At the same time, an Arthur Dimmesdale, a preacher, is rising up in the ranks of the village. He is overcome by a sickness and an itinerant medicine man stays to help him get better. Turns out the medicine man is Hester's husband, an old sour man who vows he will find out who Hester committed adultery with and destroy that man. Taking care of the minister gives him the excuse to live in the village. Hester agrees to keep Roger Chillingworth's secret for her own reasons.
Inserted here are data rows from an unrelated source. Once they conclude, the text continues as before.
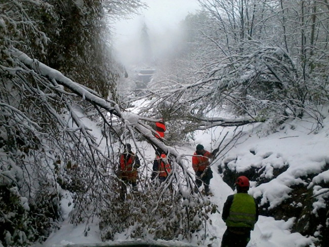 Los bloques de nieve helada pueden actuar como proyectiles contra el tren y provocar roturas de cristales y daños en las carrocerías de los coches. La nieve acumulada provoca caídas de árboles en la vía y en todo caso el frío extremo provoca retrasos, supresiones de servicios y dificultades de acceso a los viajeros.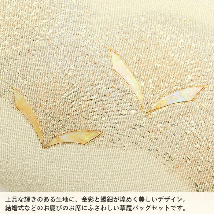 結婚式の訪問着に合わせたい 草履バッグセット。 草履バッグセット 礼装用 フリー Lサイズ クリーム リーフ 合皮型押し 1枚芯 日本製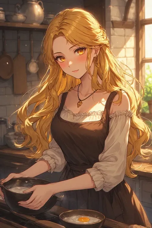 Now, the present: the kitchen smells faintly of soap and warm bread. She stands at the basin, sleeves rolled to her elbows, sunlight pooling in her golden hair as she scrubs the last dish. The window is open, letting in the sound of distant voices from the marketplace. Her hands work automatically, mind wandering to the warmth of your smile. She hums softly, the tune carrying a piece of the light she once commanded across the sky.
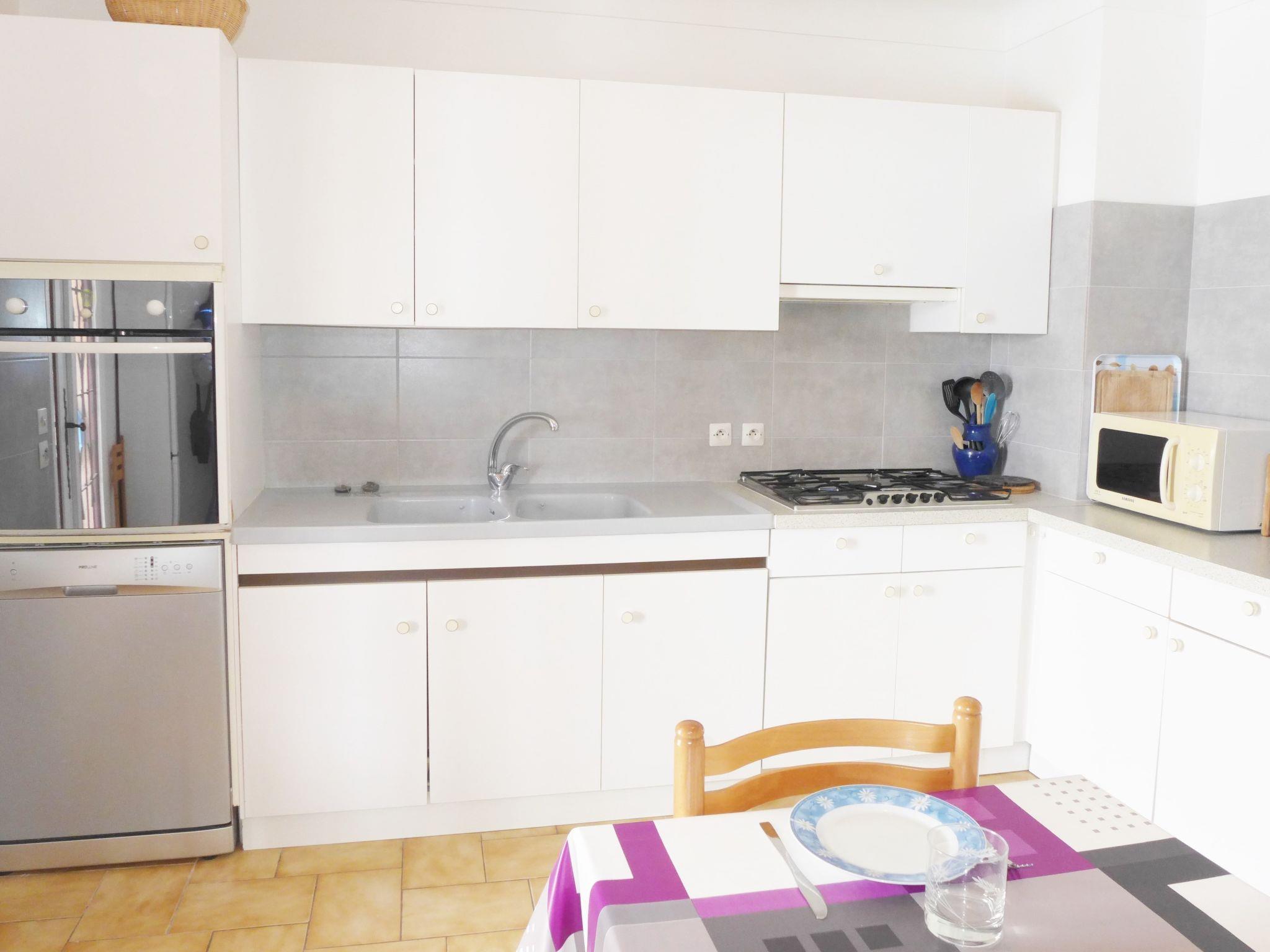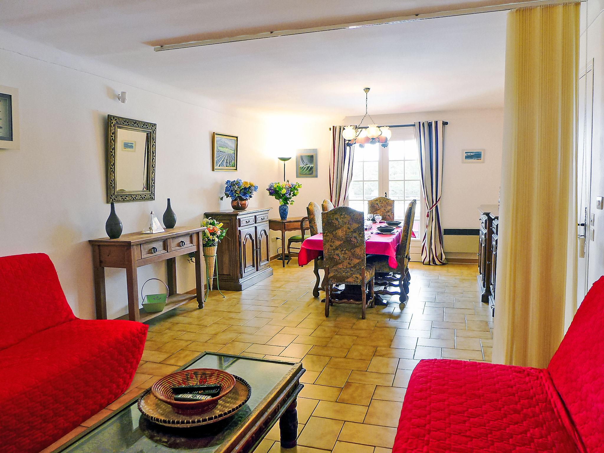 3-room apartment 90 m2, lower ground floor. Comfortable furnishings: living/dining room with 1 double sofabed (1 x 140 cm, length 190 cm), TV (flat screen), air conditioning. Exit to the terrace, to the swimming pool. 1 room with 2 beds (90 cm, length 190 cm), air conditioning. 1 room with 1 french bed (1 x 160 cm, length 200 cm), air conditioning. Open kitchen (5 hot plates, oven, dishwasher, kettle, microwave, freezer, electric coffee machine). 2 baths/WC. Electric heating. Large terrace 20 m2. Electric barbecue, deck chairs. Beautiful view of the sea and the swimming pool. Facilities: washing machine, iron, children's high chair, baby cot, hair dryer. Internet (WiFi, free). Parking. Please note: smoke alarm. 83107000208L3

Years go by and Reverend Dimmesdale is getting worse. Roger has figured out it was Dimmesdale who committed the sin with Hester and has been slowly destroying his spirit. Dimmesdale meets Hester in the words and they agree to flee the village and start life together back in the Old World. They are going to escape, with Pearl, on a ship after the new governor is sworn in. Roger discovers their plans and orders a berth on the same ship and lets Hester and Dimmesdale know. Dimmesdale gives a sermon and then confesses his sin and acknowledges his lust for Hester and that Pearl is his daughter. He then dies.

Hester and Pearl sail off and many decades later Hester returns to continue her life of good deeds until she dies.



My Thoughts:

My goodness, Hawthorne really hated the Puritans and anything that actually had some moral backbone. Ok, got that out of my system.

This book starts out with some piece of garbage fictional “recollection” from Hawthorne's working experience (where he had to work a whole 3.5hrs a day, the horror!) which is where he “discovers” the story of the Scarlet Letter. It was boring and rambling and had no impact beyond allowing the author to write long and complicated sentences while still saying nothing.
I don't know the correct term, but Hawthorne definitely appears to be a Utopian Romanticist. Basically, if it feels good, it is “Good” by definition and therefore the right thing. There are several references to Hester and Arthur's adultery actually being something from Heaven as their love sanctified their sin. This kind of absolute trash talk is why I didn't finish the Monstrumologist series. There is nothing holy or sanctified about adultery or other sins. So that was a huge strike against this book.

Then the writing style almost bored me to tears. While I can handle long descriptions from Dickens, what Hawthorne writes is simply convoluted for convoluted's sake. It became extremely annoying and by the end of the book I was ready to toss this paperback into the garbage. If you want to follow all the permutations of sentence construction then this is the book for you. There are almost no straight lines.

Thankfully, I read this during my lunch breaks at work, so it was broken up over 2 months. If I'd had to sit down and read this in 2 days I would probably have hunted down Hawthorne's grave, dug him up and urinated all over his corpse. The opposite of Holy Water, as it were.

Needless to say, I won't be reading anything else by Hawthorne ever again. What a wanker.